I generated this graph using this tool, this works using mentions, rather than following / followers graph, though. It will server to give you an idea what I am talking about.
One of the fundamentals of computer science is: localizing data leads to greater read performance. This is true whatever we are talking about keeping the data in the CPU L1 cache or in a distributed networked system. Typically, part of a sharding strategy is to keep all the data related to a root in a single location. The problem is, of course, that graphs don’t really have roots. And in most social network graphs, there is no such thing as a closed graph. There are, on average, ~7 million users within three hops from any twitter user. Now, it would be very easy to put 7 millions users to a single machine, except, as they say, they aren’t the same 7 million users.
Given that, I think that I can come up with an approach to allow more efficient queries and higher localization in the graph. The model assume an open and dynamic model (indeed, it relies on that).

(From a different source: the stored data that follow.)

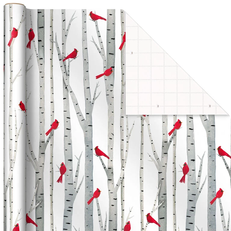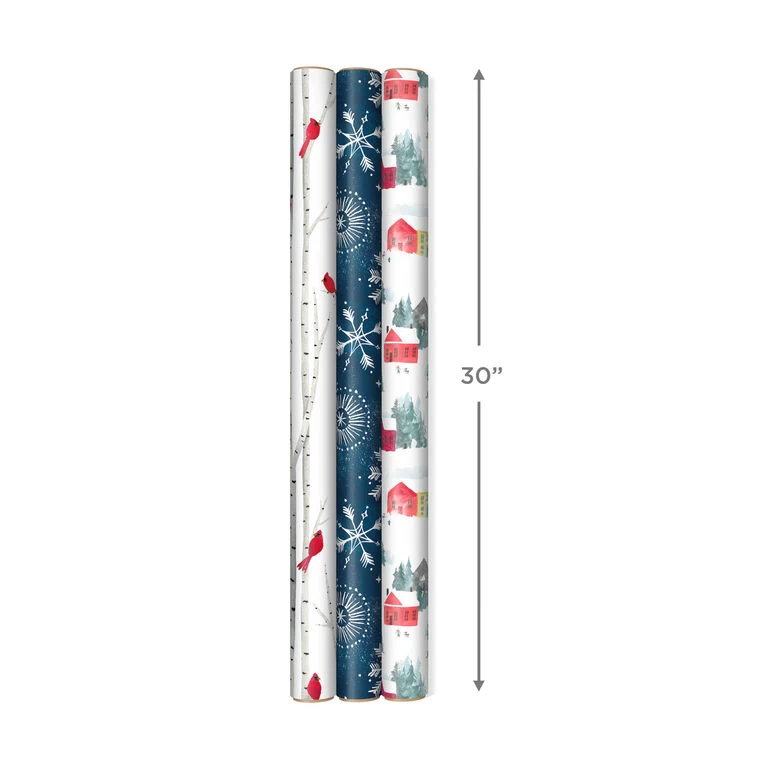 - Pack includes 3 wrapping paper rolls in assorted outdoor winter designs: cardinals on birch trees, illustrated snowflakes on navy and snowy village scenes.
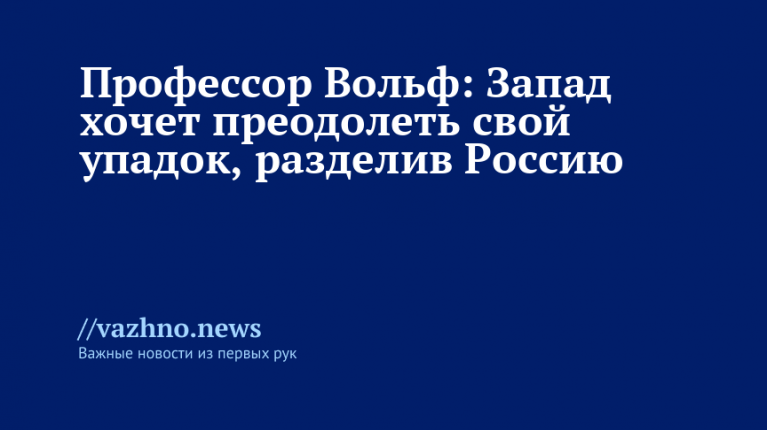 Государства коллективного Запада стремятся предотвратить свой упадок и разделить Россию на ряд небольших стран, чтобы воспользоваться ее ресурсами. Такое мнение 28 ноября выразил профессор Массачусетского университета Ричард Вольф в эфире You Tube-канала Dialogue Works.
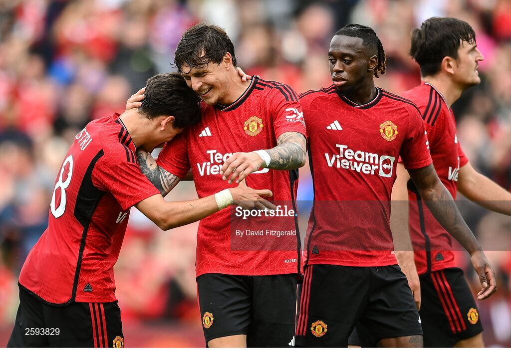 6 August 2023; Facundo Pellistri of Manchester United, left, is congratulated by teammate Victor Lindelöf after scoring their side's first goal during the pre-season friendly match between Manchester United and Athletic Bilbao at the Aviva Stadium in Dublin. Photo by David Fitzgerald/Sportsfile

We starts with geographical distribution. When we create a new user, we will place it in a shard dedicate to the geographical location the user is located on. This is a piece of data that we can get cheaply, and it has the advantage that users that interact with their circle of physical friends would tend to be clustered together anyway.
Next, we start assigning weights to associations. We only take into account outgoing associations (which solve the problem with outliers for incoming associations such as @aplsuk), but with a small twist, the weight of each outgoing association is taken as a portion of the total number of outgoing associations. In other words, the value of an outgoing association when you are following 10 friends is 0.1, but when you are following 500 friends, the value of each association is 0.002.
Next, we place some value on each mention that the user twits. A mention indicate that the association is active. For that matter, we probably need to create silent associations if a user keep mentioning someone that they are not following. For now, we will say that this value is 1% of the value of an association. That means that if I am following 100 users and I mentioned another user a hundred time, the value of the association is 0.02.
How does gravity comes into play here? Well, each outgoing association exact a pull on a node. But moving a node between shards is expensive, so we give shards an escape velocity. When we check if we need to re-shard a node, we aggregate the pulls of all the associations per node. Only if one shard pull is higher than the current shard pull + escape velocity will the node be shifted to the new shard.
Over time, this will tend to migrate most users close to the users that they are actively associated with. With that in mind, we can now move of to queries.
As I mentioned, I am interested more in this for graph traversal, and the good thing about this approach is that for the most part, most of the relevant information is located on the same shard. When the times comes to perform a query, we can assert that queries, too, need to have an escape velocity to cross a shard boundary. Unless there are enough outgoing connections to a given shard to overcome the escape velocity, outgoing connections to that shard are ignored. We can limit the cost of remote calls further if we increase the escape velocity for the query as the query search deeper. In other words, the escape velocity at depth = 0 would be 10, at depth = 1 it would be 100, at depth = 2 it would be 1000, etc.
While this represent a loss in accuracy of the results, it also mean that for the most case, results will tend to be more relevant.
Is this important if I don’t care for graph traversal?
There is another issue to consider, quite aside from graph traversal. The gravity approach outlined will tend to higher localization, and most operations are local. Consider writing a status update to all the people interested in that, when you have good locality, the cost of such on operation grows down drastically, in fact, I would say, it is highly likely that many such operations could be completed completely locally.